DATA SHOWN:
-- Opening Marker --
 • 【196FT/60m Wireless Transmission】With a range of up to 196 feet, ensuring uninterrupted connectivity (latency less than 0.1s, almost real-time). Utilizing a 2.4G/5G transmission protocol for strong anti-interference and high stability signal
-- Closing Marker --
-- Opening Marker --
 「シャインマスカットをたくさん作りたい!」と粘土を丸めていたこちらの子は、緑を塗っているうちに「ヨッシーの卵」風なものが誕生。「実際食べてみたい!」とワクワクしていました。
-- Closing Marker --
-- Opening Marker --
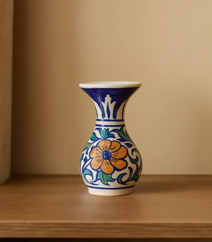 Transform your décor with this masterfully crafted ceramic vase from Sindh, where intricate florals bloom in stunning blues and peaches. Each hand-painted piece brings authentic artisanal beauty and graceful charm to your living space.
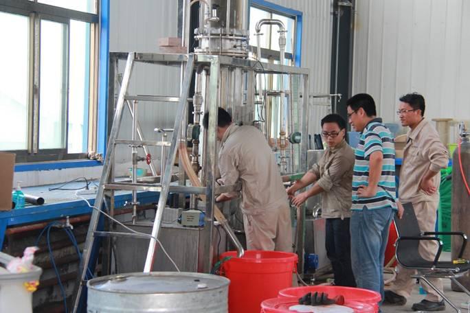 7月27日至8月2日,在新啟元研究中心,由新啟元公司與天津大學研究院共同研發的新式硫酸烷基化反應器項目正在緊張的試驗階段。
-- Closing Marker --
WHAT THE TASK ASKS: Pictures excluded, transcribe the listing above exactly from the line with "Transform your décor" through the line with "7月27日至8月2日,在新啟", and no further.

RESULT BELOW:
 Transform your décor with this masterfully crafted ceramic vase from Sindh, where intricate florals bloom in stunning blues and peaches. Each hand-painted piece brings authentic artisanal beauty and graceful charm to your living space.
 7月27日至8月2日,在新啟元研究中心,由新啟元公司與天津大學研究院共同研發的新式硫酸烷基化反應器項目正在緊張的試驗階段。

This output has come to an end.